Simulation: Fig. 2 shows the simulated plots of reflection coefficient (S₁₁) of each monopole element and the transmission coefficients between adjacent elements (S₂₁), next adjacent elements (S₃₁) and opposite elements (S₅₁). Fig. 3 shows the simulated B₁⁺ filed of ICE-decoupled monopole arrays with different D_d. These arrays were excited in birdcage-like mode, applying 1 W power to each port, with a sequential 45 degree phase increment. For the non-optimized array, i.e., D_d=0 cm, the B₁⁺ field decreased obviously at the areas near decoupling elements, as shown in the white circles in Fig. 3. As the D_d increase, this B₁⁺ decrease become less obvious. It can be concluded from Fig. 3 that the dark spots in human images are mainly caused by the diminished B₁⁺ field at these areas.
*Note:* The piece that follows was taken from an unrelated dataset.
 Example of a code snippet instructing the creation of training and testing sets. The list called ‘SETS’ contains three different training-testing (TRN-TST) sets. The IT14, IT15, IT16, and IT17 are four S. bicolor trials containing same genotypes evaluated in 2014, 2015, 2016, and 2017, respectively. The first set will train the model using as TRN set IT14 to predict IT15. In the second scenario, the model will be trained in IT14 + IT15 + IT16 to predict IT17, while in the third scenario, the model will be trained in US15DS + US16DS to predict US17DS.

Experiments: To validate the simulation results, ICE-decoupled monopole arrays without (D_d=0 cm) and with optimization (D_d=2.5 cm) were built for comparison, as shown in Figs. 4A and 4B . S₂₁ plots between adjacent elements of both arrays were shown in Figs. 4C and 4D. Similar to simulation results, the isolation between adjacent elements is about -15 dB for optimized array and about -25 dB for non-optimized array. The average loaded Q values of each monopole element of the optimized and non-optimized arrays are ~16 and ~33, respectively.
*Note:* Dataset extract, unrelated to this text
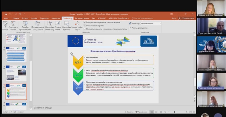 16 жовтня 2025 року в онлайн-форматі відбувся Форум «Вища освіта для сталого розвитку України: проблеми та перспективи у повоєнний період», організований Національним університетом «Чернігівська політехніка» в межах відзначення ErasmusDays 2025 в Україні та приурочений до Дня сталого розвитку. Захід був спрямований на дисемінацію результатів міжнародних проєктів університету, обговорення актуальних викликів системи вищої освіти в умовах відбудови України та налагодження нових форматів міжнародної співпраці у сфері сталого розвитку
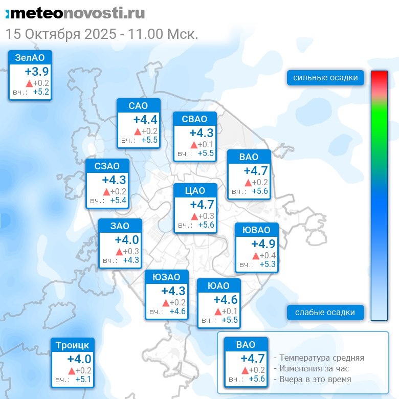 В 11:00 в Москве было от +3.6°C до +5.6°C, средняя температура +4.5°C #погода #Москва #осень #температура #15октября #среда

A healthy female volunteer was scanned subsequently with the non-optimized and optimized array (written informed consent). B₁⁺ profiles on the same human head were mapped with a Turbo FLASH sequence and show in Figs. 4E and 4F. As expected, for non-optimized ICE-decoupled monopole array, dark spots were found at the peripheral areas in both B₁⁺ profile and MR images, as shown in Figs. 4E and 4G. For optimized array, however, the B₁⁺ field and MR image were more homogeneous and no dark spots were observed (Figs. 4F and 4H). Figs. 4G and 4H show GRE images using the two arrays. The imaging acquisition parameters were as follows: flip angle=25 degree, TR/TE= 120/6 ms, FOV=250×250 mm², matrix=256×256, slice thickness=5 mm, bandwidth=260 Hz/pixel. It is worth noting that optimized array has a little higher central SNR and lower surface SNR compared with the non-optimized array. This can also be predicated from the Q value results.
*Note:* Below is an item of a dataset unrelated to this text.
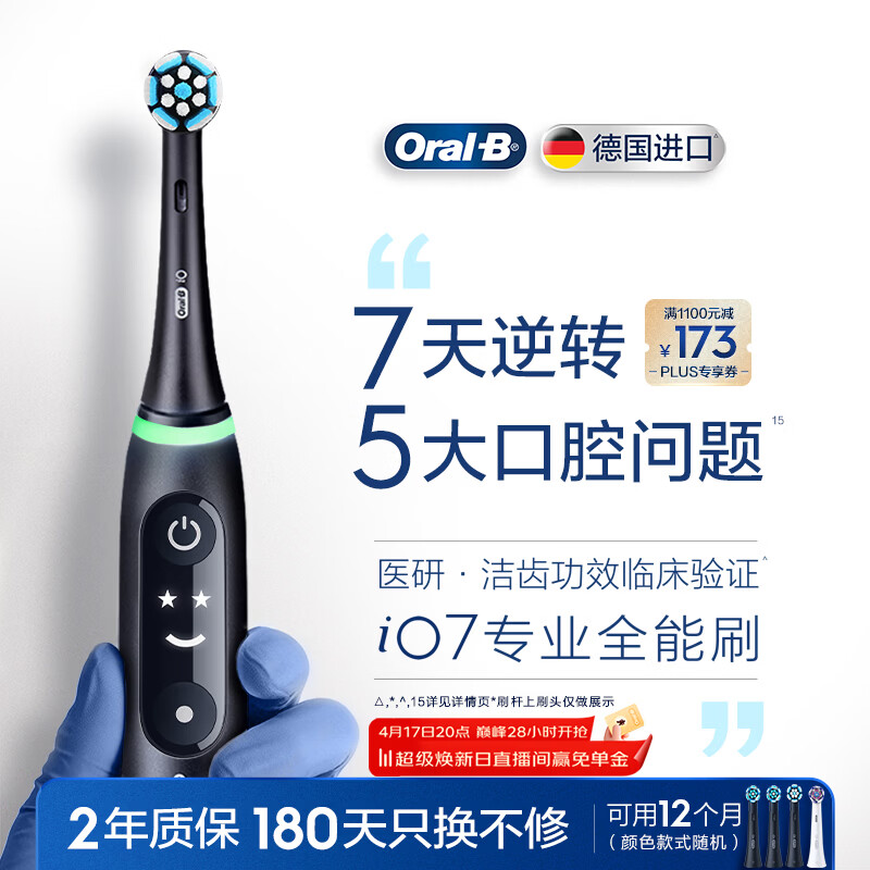 欧乐B德国进口智能电动牙刷成人iO7专业全能刷黑色刷头*4深度清洁护龈京东自营热卖榜情侣送礼生日礼物

The MR imaging and simulation results show that an optimized arrange of ICE decoupling elements can be found to minimize the perturbation of decoupling elements to the B₁ fields of radiative coil arrays, and consequently imaging quality can be improved. The optimized distance between decoupling elements and coil elements in this specific array configuration was set to 2.5 cm. Compared with the non-optimized ICE decoupled monopole array, the optimized array has more homogeneous transmit field and has no dark spots or signal cancellations in the MR images.